Barnes & Noble digital division plummeting due to poor Nook sales

Nook HD

Covered by the New York Times earlier today, Barnes & Noble announced a 60 percent drop in revenue year-over-year within the digital content division of the company. This section of the company includes all current Nook hardware as well as digital sales on the e-book market. In addition, executives within the company mentioned that Barnes & Noble’s portion of the e-book market has fallen to 20 percent.  Barnes & Noble originally snagged 25 percent of the market when the first Nook e-reader was released during 2009, but that figure has continued to drop over the past few years due to competition from Amazon.

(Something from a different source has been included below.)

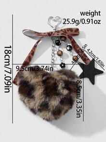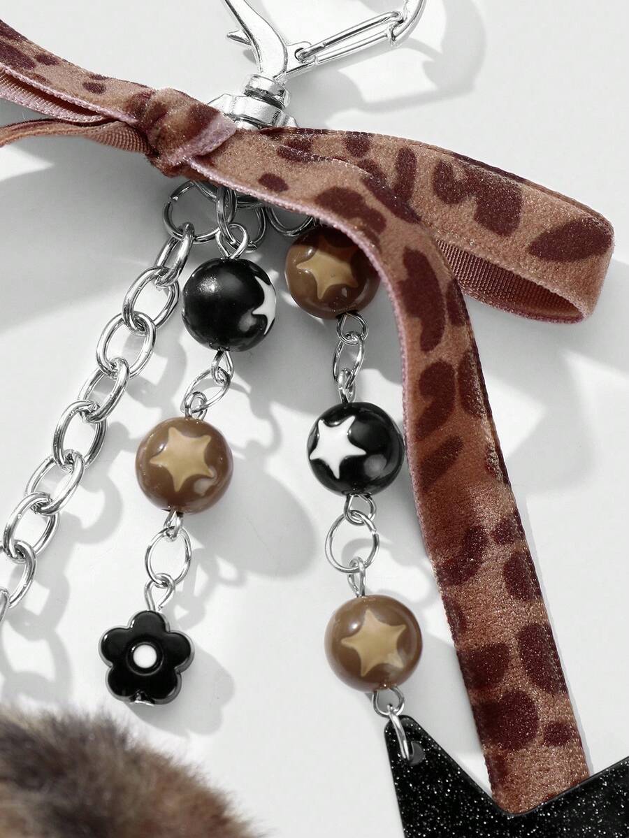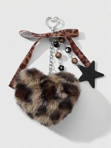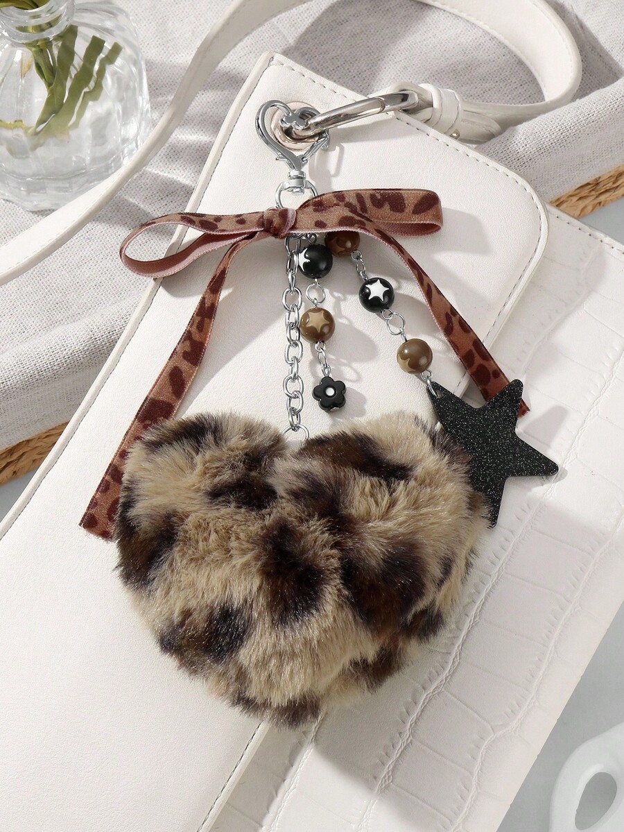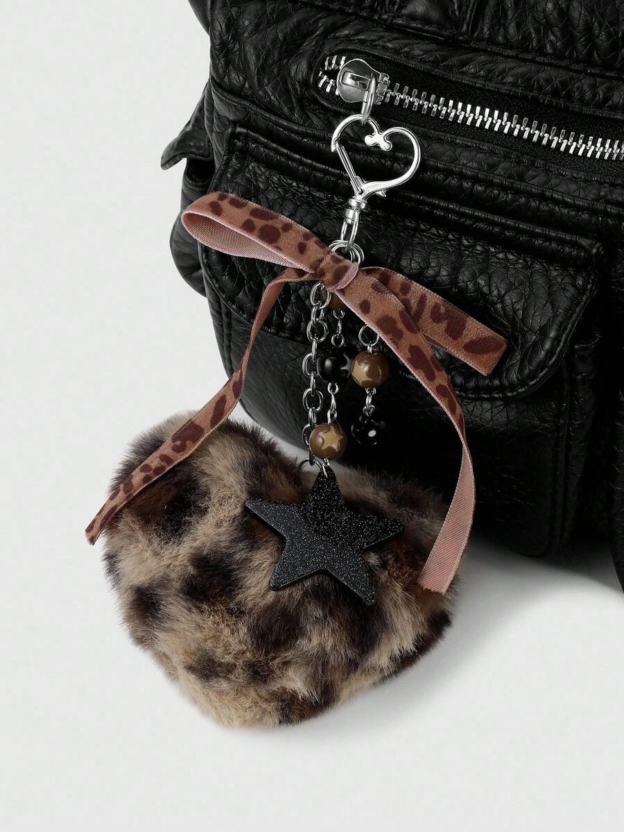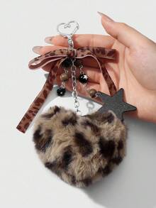 Kawaii 1 Stück modischer, retro personalisierter Acryl-Stern-Blumen-Schlüsselanhänger mit braunem Kunstfell-Leopardenmuster und Herz-Schleife, geeignet für Frauen, Alltagsmode, Urlaubsgeschenk

According to the press release, Barnes & Noble executives attribute the loss of digital sales to the lack of new hardware during 2013. Referencing the difference, CEO Michael P. Huseby said “Sales in the NOOK segment declined year-over-year largely because during the previous holiday season the company introduced two new tablet products, while no new tablets were introduced this year.” According to Huseby, the company is looking into new partnerships with device manufacturers that could lead to new developments in the Nook line of devices. 

barnes & noble via stevenferrari.com

It’s likely that Barnes & Noble is having a difficult time competing with Amazon’s significantly discounted prices as well as programs like the Kindle Lending Library that allow Amazon Prime users to check out one book each month for free rather than paying for it. Interestingly, sales at brick-and-mortar stores only declined by approximately 6.6 percent year-over-year. In addition to hard cover and paperback books, this figure includes sales of games, toys, educational items and other popular gifts.

Book publishers are heavily dependent on Barnes & Noble to showcase new releases, specifically because the company is the largest remaining bookstore chain in the United States. The second largest brick-and-mortar bookstore chain, Borders, closed during 2011 due to lack of sales. Not surprisingly, Barnes & Noble acquired Borders’ trademarks and the old Borders site now redirects to BarnesandNoble.com.